Racial bias is far from the only issue with criminal justice algorithms. They are “black box” algorithms that embed some priorities over others. We not only look at the data and PACT calculations, we examine the values embedded in the PACT through qualitative analysis or publicly available oral histories with corrections officials and policy documents. Some scholarship signals the underlying values, but little explicitly examines it (Harcourt, 2006; Green, 2020). Ironically, at the same time, some scholars note that data that could be used to evaluate the effectiveness of algorithms and implement meaningful reforms does not exist (Christin et al., 2015). This understanding frames additional study on the algorithmic calculations of the PACT (Dhar et al. 2021 and 2022).

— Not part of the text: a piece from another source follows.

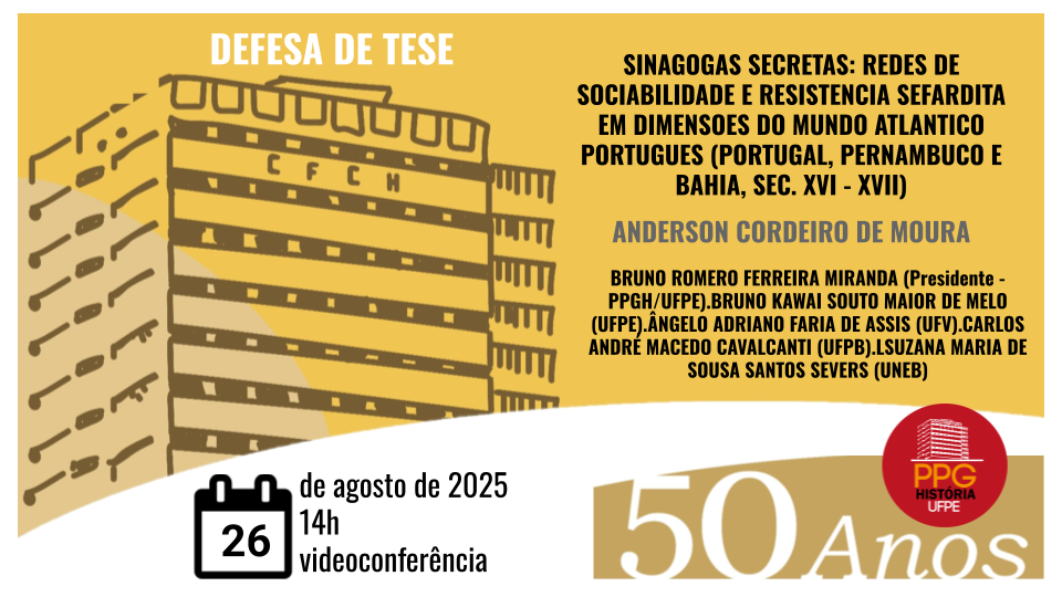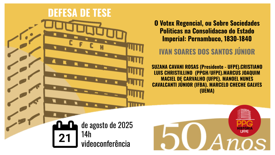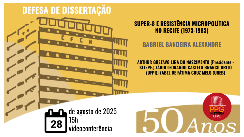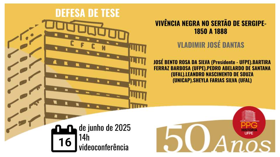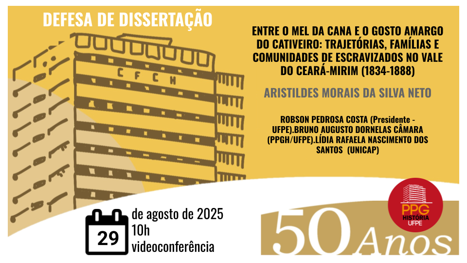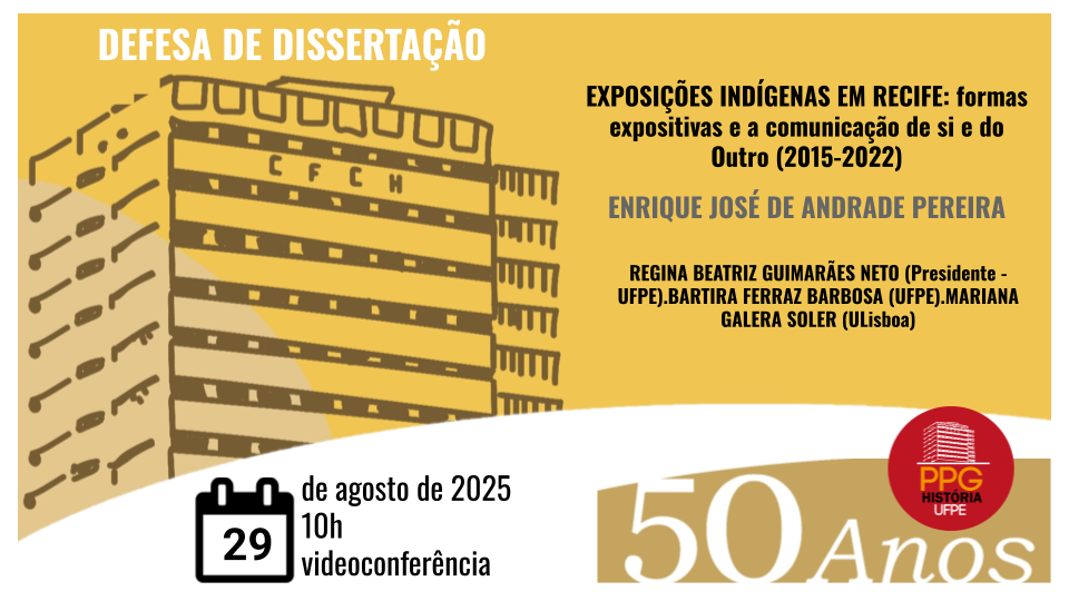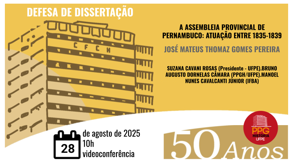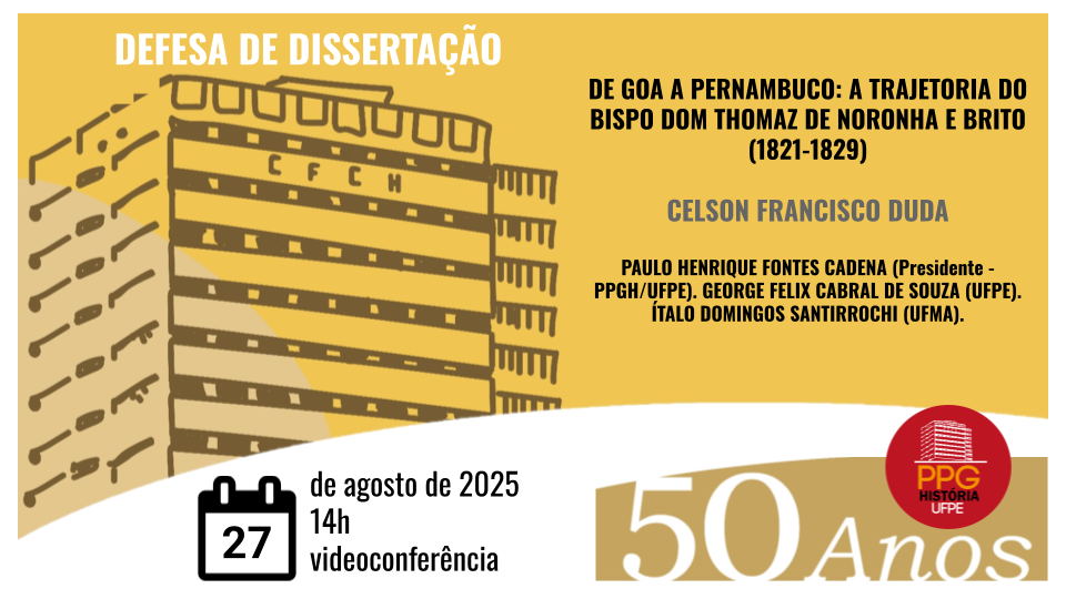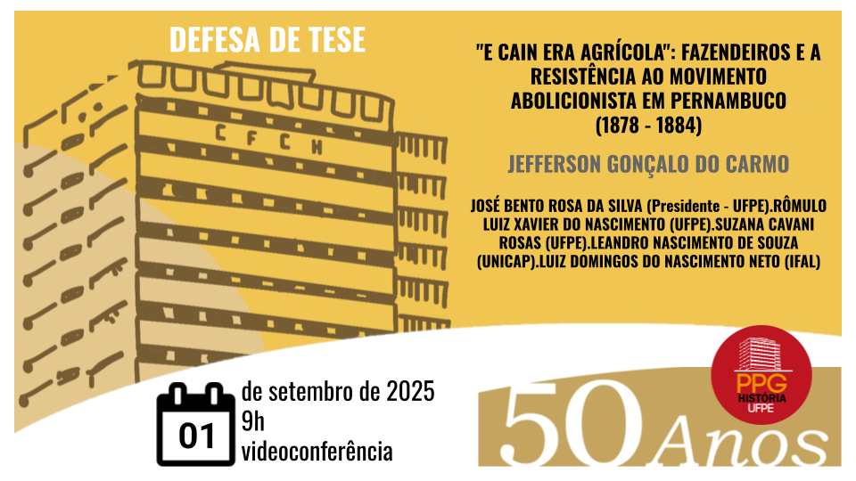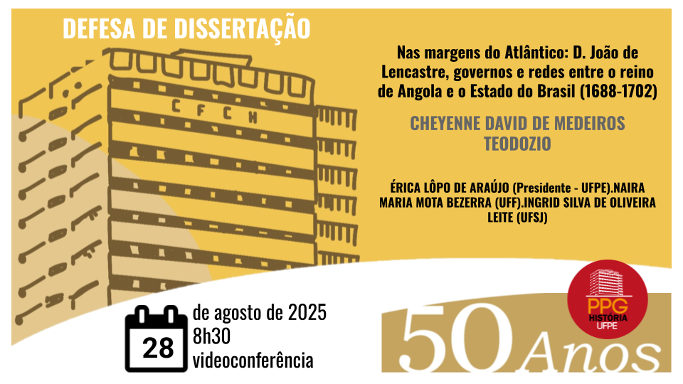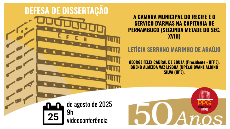 | AGOSTO | 01/08/2025 - GABRIEL DE MOURA CAVALCANTI Auditório do PPGH/UFPE (10º andar do CFCH) 06/082025 - EMERSON RODRIGO BARRETO DE ANDRADE INSCRIÇÃO (é obrigatório ter conta gmail) 06/08/2025 - VICTOR CÂNDIDO AZOUBEL ABRAM Auditório do PPGH/UFPE (10º andar do CFCH) 21/08/2025 - DAVID BEZERRA FILGUEIRA DE V. CONCERVA INSCRIÇÃO (é obrigatório ter conta gmail) 21/08/2025 - IVAN SOARES DOS SANTOS JÚNIOR INSCRIÇÃO (é obrigatório ter conta gmail) 22/08/2025 - LUÍS FERNANDO ARAÚJO FARIAS INSCRIÇÃO (é obrigatório ter conta gmail) 22/08/2025 - SÍLVIA BEZERRA DOS SANTOS INSCRIÇÃO (é obrigatório ter conta gmail) 25/08/2025 - LETÍCIA SERRANO MARINO DE ARAÚJO INSCRIÇÃO (é obrigatório ter conta gmail) 26/08/2025 - ANDERSON CORDEIRO DE MOURA INSCRIÇÃO (é obrigatório ter conta gmail) 27/08/2025 - CELSON FRANCISCO DUDA INSCRIÇÃO (é obrigatório ter conta gmail) 27/08/2025 - THIAGO HENRIQUE FARIAS PEREIRA INSCRIÇÃO (é obrigatório ter conta gmail) 28/08/2025 - JOSÉ MATEUS THOMAZ GOMES PEREIRA INSCRIÇÃO (é obrigatório ter conta gmail) 28/08/2025 - ANDERSON DA SILVA FÉLIX INSCRIÇÃO (é obrigatório ter conta gmail) 28/08/2025 - GABRIEL BANDEIRA ALEXANDRE INSCRIÇÃO (é obrigatório ter conta gmail) 28/08/2025 - RODRIGO LINS BARBOSA INSCRIÇÃO (é obrigatório ter conta gmail) 29/08/2025 - RENATA CONCEIÇÃO NÓBREGA SANTOS INSCRIÇÃO (é obrigatório ter conta gmail) 29/08/2025 - CHEYENNE DAVID DE MEDEIROS TEODOZIO INSCRIÇÃO (é obrigatório ter conta gmail) 29/08/2025 - JULYANA ALVES BARBOSA DE ARAÚJO INSCRIÇÃO (é obrigatório ter conta gmail) 29/08/2025 - ENRIQUE JOSÉ DE ANDRADE PEREIRA INSCRIÇÃO (é obrigatório ter conta gmail) 29/08/2025 - ARISTILDES MORAIS DA SILVA NETO INSCRIÇÃO (é obrigatório ter conta gmail) 29/08/2025 - ADILZA BANDEIRA DA SILVA INSCRIÇÃO (é obrigatório ter conta gmail) |

In this paper, we examine the PACT calculations in the data we requested from the PADOC, not the algorithm itself. 2 Our analysis examines the underlying data and the custody levels assigned to incarcerated people. In our examination of the PACT, we build on research that establishes the problems with criminal justice algorithms by focusing specifically on the PADOC data and their calculations. Many scholars have examined bias outcomes in criminal justice algorithms. Software used across the United States to predict criminal behavior is shown to be biased against Black people (Angwin et al., 2016). Despite such well documented cases of racial bias specific to criminal justice, predictive algorithms continue to play a central role in nearly all the nodes of the US criminal justice system. Christin et al. (2015), note “Instruments such as LSI-R and COMPAS are used for many purposes, including the security classification of prison incarcerated persons but also their eligibility for parole and levels of probation and parole supervision.” We contend that attention to the underlying data and the generated data from the algorithm is additionally important to more deeply analyze.
Data issues underlying criminal justice algorithms
An attention to the iterative nature of data additionally necessitates an exploration of data quality, completeness and accuracy. The aforementioned literature explores the social life of data, but criminal justice data sets are rife not only with biased data but also with incorrect data. Not only is data biased, it is fallible. Logan and Ferguson (2016) highlight how fallible data in the hands of government decision-makers has negative impacts on individuals (loss of employment, unlawful arrests, etc.) and on the government systems themselves (loss of trust from the governed, inefficiencies in the system, etc.). In fact, according to a 2001 report from the Bureau of Justice Statistics, “[i]n the view of most experts, inadequacies in the accuracy and completeness of criminal history records is the single most serious deficiency affecting the Nation's criminal history record information systems” (Belair et al., 2001). In this project, we seek to explore the specificities of the concern in the context of the PADOC and how it informs the PACT.
Ferguson (2017) discusses a framework for data quality in predictive policing that we apply to understand the PACT and PADOC data. He distinguishes between data errors that result from human error and from data that is fragmented and biased. In any large scale dataset generated by human activities and collected and catalogued by humans, there is ample opportunity for something that was otherwise accurate to be entered incorrectly. This results in things like illogical birthdates, incorrect addresses, and other such mistakes. The quality of criminal history records, a key component to prison decision-making, is also susceptible to human error (Ferguson 2017). States have a backlog of unprocessed disposition forms, rap sheets have been shown to contain incorrect information, gang and sex offender registries have been shown to be error-prone in addition to being biased (Ferguson 2017).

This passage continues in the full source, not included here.